"Je déteste le monde; je voudrai ne plus être regardée que par vous."
("I hate the world; I want to be looked at only by you.")
"C'est quand on a trop à se dire qu'on se tait."
("It's when you have too much to say that you keep quiet.")
I discovered Louise de Vilmorin's 'Madame de'—her most famous novel—after watching the striking rendition by Max Ophuls, starring Danielle Darrieux seen on the cover. When an aristocratic woman sells her earrings, unbeknownst to her husband, in order to pay personal debts, she sets off a chain reaction, the financial and carnal consequences of which can only end in despair. As expected there were some distinct yet still appropriate variations between the 2. Counting hardly 50 pages, the novel is not as sympathetic as the slightly romanticized film—not that anyone minds the fleshed out handsome Italian Baron Donati :)

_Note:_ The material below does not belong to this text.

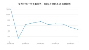 2020年10月,哈弗H7销量为455辆,同比下降60.12%,环比下降14.31%。1-10月份,哈弗H7销量为6355辆,同比下降29.69%。在最近1年中,哈弗H7销量在2020年01月达到最高,销量为1193辆。

As for some background info on the author: she was heir to a great French seed company fortune of Vilmorin. The Vilmorin estate in the Paris suburb of Verrières-le-Buisson, was a former hunting lodge of King Louis XIV, and her ancestors were the chief seed supplier and botanist to King Louis XV. Amidst her multiple marriages and affairs, and even an early engagement to novelist and aviator Antoine de Saint-Exupéry that fell through, she was best known as a writer of delicate but biting tales, often set in aristocratic or artistic milieu.